Last year at this time and in this place, I closed my remarks by sharing a folk-tale celebrating the virtue and possibility of paying sustained reflective attention that I came across during my summer vacation on the island of Kauai. When I tell you that I spent my vacation this year in a somewhat less exotic destination—on the Jersey shore—some among you may doubt that I found much inspiration to bring back home. But in fact my time in the Garden State was filled with fascinating news and riveting cultural spectacles: it was the week that Charley devastated Florida, Governor Richard McGreevey came out and resigned, and the games of the 28th Olympiad began. While there is rich food for thought in all three of these events, the Olympics seems to offer the most instructive lessons for a college campus to ponder.

There is so much fresh historical knowledge to glean, for instance, from the media’s creative efforts to reinforce the invented tradition of a link between ancient and modern Greece. Plutarch told us that Alexander the Great “looked with indifference, if not with dislike” upon athletes, but we had to wait for an NBC commentator on the opening ceremonies to give us the up-close-and-personal reason for this anti-sports bias: “Alexander the Great was a sprinter in the original Olympics but in fact he wasn’t very fast. Athletically he was just Alexander the So-So.” It is equally informative, surely, to be reminded of the timeless lessons of Greek drama: again during the opening ceremonies we heard that “Oedipus, as you know, is the tragic Greek king who killed his father and married his mother, a sequence of events that seldom turns out well.” And in between checking on the NBC Web site to see what would be chosen as the Kleenex Moment of the Day, many of you perhaps spent time as I did marveling at the semantic resourcefulness and subtlety revealed in the fine distinction between Heineken, the Official Beer of the Olympics, and Budweiser, the Official Malt Beverage Partner (with thanks to Dave Barry, who called this to my attention in one of his irreverent columns from Athens).

But setting aside the dubious historicism and the rampant commercialism, the doping scandals and the judging errors, as the rain fell and the Olympic coverage continued on five channels, I found myself thinking most seriously about an analogy between the four years that an athlete spends preparing for the next Olympics and the four years you spend in college.
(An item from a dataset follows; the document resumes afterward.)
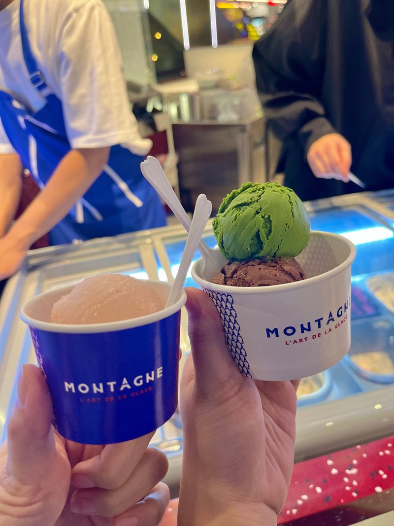 ร้าน Montagne L'art De La Glace เป็นร้านไอศกรีมและของหวานสไตล์ฝรั่งเศสของเชฟปูน แชมป์รายการ Sweet Chef Thailand สาขาหลักจะอยู่ที่ถนนเจริญราษฎร์ แต่วันนี้กุ๊กไก่มาที่สาขาเอ็มสเฟียร์ ตั้งอยู่ที่ชั้น G โซนบันไดเลื่อนหน้ากูร์เม่ต์ สาขานี้เป็น pop up เล็กๆ เน้นเมนูไอศกรีมและ cake box ที่ take away ง่ายๆมากกว่าค่ะ ไอศกรีมของสาขานี้มีให้เลือกเยอะไม่แพ้สาขาหลักเลย ยี่สิบกว่ารสได้ สามารถชิมก่อนเลือกไ...อ่านต่อ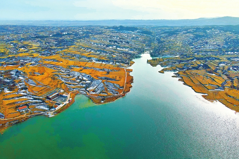 日前,俯瞰山西省长治市屯留区屯绛水库,水面波光粼粼,与蓝天、黄土相映,绘就冬日生态画卷。近年来,当地持续加强生态保护修复,推进“调水、控污、清淤、畅通、扩绿、增长”,为群众营造了舒适宜人的生态家园。(杨晨玉 摄)

There are certainly some Olympic ideals that I might charge you to emulate in your time at Bates: the principle of a sound mind in a sound body; the celebration of international friendship and understanding; the valorization of hard work, focus, and dedication; the quest for balance between individual initiative and obedience to the group, and between pride in national origin and commitment to notions like excellence and fair play that transcend patriotism.

Some fundamental differences between the rush for Olympic gold and the pursuit of a Bates degree seem even more interesting, however, than the similarities. In the four years that now stretch between Athens and Beijing, the class of 2008 will be working hard not in competition for a single prize, but in cooperation with others for a reward that is available to everyone who stays the course. While there may be a few moments of healthy competition along the way, at the end of the road we stand ready to hand out 467 mortarboards, not just three olive wreaths. Moreover, while the kind of focus and hard work that Olympians embody is a worthy means to achieving goals that you may have, now and in the future, your ends are broader and far more complex. At Bates, you are preparing yourself not to nail the performance of a lifetime, but to achieve and contribute over the course of a long, productive existence. And perhaps most importantly you are not required to reach perfection in a pre-scripted routine; rather, you are asked to cultivate some basic skills and then encouraged to use them freely, independently, and creatively, constructing an undergraduate experience and then, again, a life, that is your event, and yours alone.

At the convocation of this new academic year, the College invites you to experience the joys of effort, commitment, creativity, and achievement. Let the games of our next Bates year begin.